DESCRIPTION OF THE TASK -
Without including any pictures, retype exactly the lines from the top of the records through the line containing "Ezek az íjfólia", that final line included.

(Dataset excerpts)

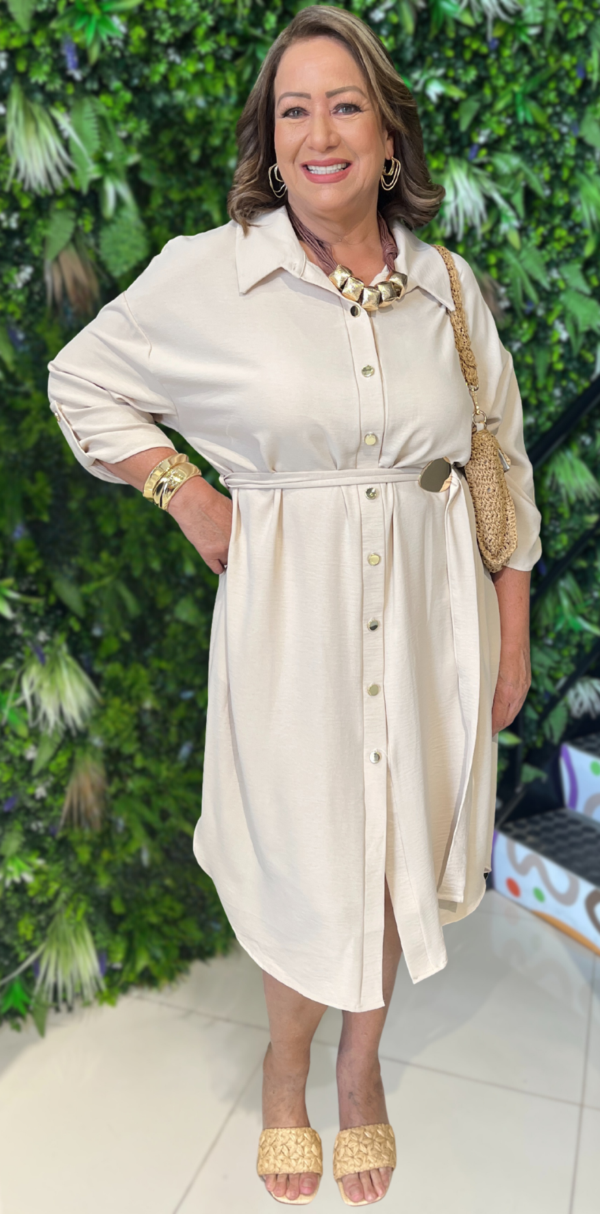 Beige Buttoned Dress.
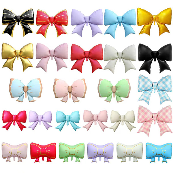 Ezek az íjfólia léggömbök megváltoztatják a klasszikus csokornyakkötést. Néhányuknak szalagja van egy görbével vagy felosztással. Néhányan üreges kialakítást mutatnak. A stílus frissnek és különlegesnek tűnik. Művészeti jellegű érzést hoznak. Bármely parti beállításban lesznek a legfontosabb események.
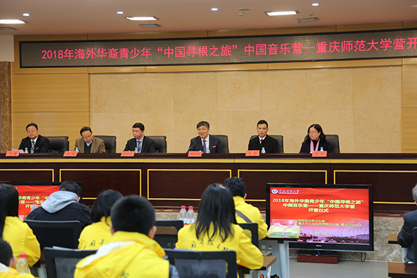 重庆市委统战部杨副部长在开营仪式上宣布音乐营开营。他对我校积极承办音乐营项目表示感谢,对参加此项活动的领队和营员表达了亲切的问候,他希望同学们深刻感受祖籍国的发展变化、感受重庆的人文地域特点并向所在国介绍当代中国。
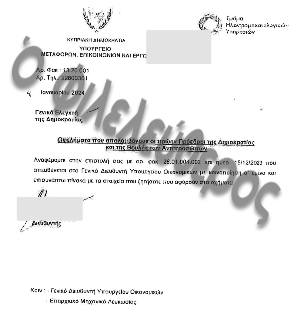 Ποια, όμως, είναι η εικόνα που υπάρχει σε σχέση με τα ωφελήματα πρώην και νυν αξιωματούχων; Σύμφωνα με έγγραφα που κατατέθηκαν στην Βουλή τον Ιανουάριο του 2024 από τα Υπουργεία Οικονομικών και Μεταφορών, αντίστοιχα, εντός της προηγούμενης 20ετίας παραχωρήθηκαν περί τα €2 εκατ. μόνο για να έχουν υπηρεσίες γραμματέως και να διατηρούν υπηρεσιακά οχήματα (μαζί με τα έξοδα για τα καύσιμα και τη συντήρησή τους).
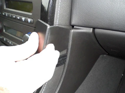 Press the thin end of the enclosed gap opener into the seam/gap in the console sidewall, to widen the gap. Peel off the cover of adhesive tape on the ProClip.

RESPONSE TO THIS TASK -
 Beige Buttoned Dress.
 Ezek az íjfólia léggömbök megváltoztatják a klasszikus csokornyakkötést. Néhányuknak szalagja van egy görbével vagy felosztással. Néhányan üreges kialakítást mutatnak. A stílus frissnek és különlegesnek tűnik. Művészeti jellegű érzést hoznak. Bármely parti beállításban lesznek a legfontosabb események.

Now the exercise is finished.